Re: Multi Field search without Multifieldqueryparser

2008-09-23 Thread Grant Ingersoll


On Sep 23, 2008, at 8:35 AM, Anshul jain wrote:


yes you are partly correct

what I need is that lucene should support two type of queries for the
following document:
name: abc^10
organization: xyz^3

structured query:
name: abc and organization: xyz

unstructured query:
default_field: abc ^5 and xyz


And what field(s) should "xyz" be searched against?  Again, I ask, how  
do you know what fields "xyz" should go against and why does abc go  
against the default_field?  You've said it shouldn't go against all  
fields (b/c there are thousands of them), and you've said it shouldn't  
go against a catch-all field, but otherwise I still have no clue your  
criteria for what fields xyz should search.  Are you saying that you  
want it to intelligently know that when "xyz" comes in that it should  
search the organization field?


Other than seconding Umesh's or Dino's suggestions of using machine  
learning or heuristics or using some type of templating system, I'm  
not sure what else to offer.  You might look at Solr's Dismax Query  
Parser, which allows you to specify the field structure of queries in  
a multi-field way, but again, I doubt that is wholly what you are  
looking for.





But i do not want to create one more field(default_field) that will
contain all the values concatenated in it. Also, even if i get all the
fields during indexing and use it for multi field query parser, then
the query will become very inefficient as there can be thousands of
fields. I think it should clarify my point.

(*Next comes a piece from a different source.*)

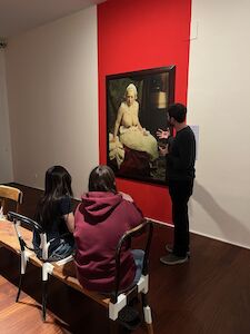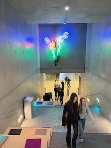 Im Rupertinum stand die Ausstellung Was Körper erzählen. Fotografie und Medienkunst von 1945 bis heute im Mittelpunkt; wir sahen Arbeiten von VALIE EXPORT, Julia Fuchs, Seiichi Furuya, Nan Goldin, G.R.A.M. und Cindy Sherman. Ergänzt wurde der Besuch durch die Personale Július Koller. U.F.O.-naut J.K., die Kollers künstlerische Strategie zeigte, den Alltag zur Kunst zu erklären und mit Witz und Ironie Widerstand gegen das autoritäre kommunistische Regime der damaligen Tschechoslowakei zu leisten. Mozart begegnete uns eindrucksvoll in der Ausstellung „Im Bann der Zauberflöte“. Die Zauberflöte zählt heute zu den populärsten und weltweit meistaufgeführten Werken des Musiktheaters und wirkt darüber hinaus als Inspiration für bildende Künstler:innen. Die Ausstellung präsentierte Werke von Oskar Kokoschka, Max Slevogt, Stephan von Hühn und Wolfgang Hutter. Besonders in Erinnerung bleiben uns Mozarts Taufbecken sowie das Schattenspiel „Vanitas“ des französischen Künstlers Christian Boltanski in der Chorkrypta des Salzburger Doms, die Werke von Anselm Kiefer in der Peterskirche sowie die Schwurhand und die Pacher-Madonna in der Franziskanerkirche.

On Tue, Sep 23, 2008 at 1:58 PM, Grant Ingersoll  
<[EMAIL PROTECTED]> wrote:
So, the piece I'm missing is how do you know what field for which  
terms.  In
other words how do you know xyz goes against organization and abc  
against
name.  Your wording implies that you don't know this before hand,  
yet you
are somehow suggesting that Lucene should be able to do it.   
Correct me if

I'm wrong.

-Grant


On Sep 23, 2008, at 6:51 AM, Anshul jain wrote:


Here is what I'm trying to do:

say a lucene document:
name: abc ^10
organization: xyz ^3

^10 and ^3 are boosts in the document.

now if I query name: abc ^5 AND organization: xyz this will work.

but if I query (default_field): abc^5 AND xyz this won't work.

Now what I want is that a text can be associated with more than  
one field.

i.e.

(field1,field2,field3):value
name,(default_field),title: abc^10
organization,(default_field),institute: xyz^3

then both of my queries will work.

Is it possible to do so in lucene without changing the source?
If no then can anyone please explain the indexing and searching
mechanism for lucene, so that I can start working on it.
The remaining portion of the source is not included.